### Data for review
--

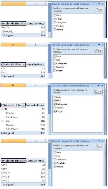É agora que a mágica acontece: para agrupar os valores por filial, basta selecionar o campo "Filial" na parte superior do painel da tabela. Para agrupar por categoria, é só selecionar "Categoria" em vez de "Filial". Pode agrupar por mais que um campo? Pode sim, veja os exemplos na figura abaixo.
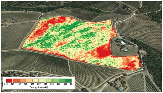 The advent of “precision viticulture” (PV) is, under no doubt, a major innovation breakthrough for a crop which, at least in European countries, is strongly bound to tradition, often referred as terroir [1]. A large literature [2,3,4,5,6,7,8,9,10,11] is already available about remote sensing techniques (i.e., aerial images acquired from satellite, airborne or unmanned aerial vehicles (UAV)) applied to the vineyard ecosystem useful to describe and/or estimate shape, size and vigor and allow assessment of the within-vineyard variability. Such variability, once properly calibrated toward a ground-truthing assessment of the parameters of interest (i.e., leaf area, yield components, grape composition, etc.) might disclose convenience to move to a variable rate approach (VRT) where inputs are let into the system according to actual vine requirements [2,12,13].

--

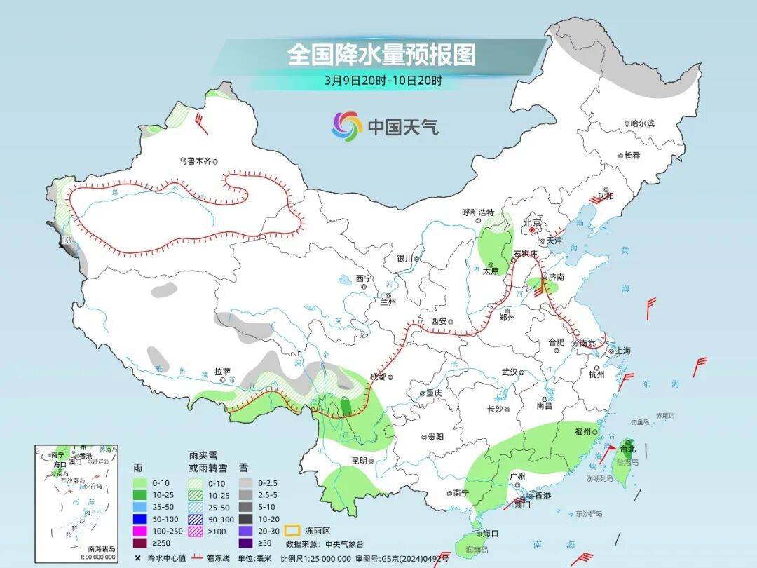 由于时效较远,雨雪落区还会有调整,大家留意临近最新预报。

--

### What you have to do
Start with the line with "É agora que" in the listing above and stop after the line with "The advent of". Write out exactly the lines in that stretch and no others, without pictures.

### Written solution
É agora que a mágica acontece: para agrupar os valores por filial, basta selecionar o campo "Filial" na parte superior do painel da tabela. Para agrupar por categoria, é só selecionar "Categoria" em vez de "Filial". Pode agrupar por mais que um campo? Pode sim, veja os exemplos na figura abaixo.
 The advent of “precision viticulture” (PV) is, under no doubt, a major innovation breakthrough for a crop which, at least in European countries, is strongly bound to tradition, often referred as terroir [1]. A large literature [2,3,4,5,6,7,8,9,10,11] is already available about remote sensing techniques (i.e., aerial images acquired from satellite, airborne or unmanned aerial vehicles (UAV)) applied to the vineyard ecosystem useful to describe and/or estimate shape, size and vigor and allow assessment of the within-vineyard variability. Such variability, once properly calibrated toward a ground-truthing assessment of the parameters of interest (i.e., leaf area, yield components, grape composition, etc.) might disclose convenience to move to a variable rate approach (VRT) where inputs are let into the system according to actual vine requirements [2,12,13].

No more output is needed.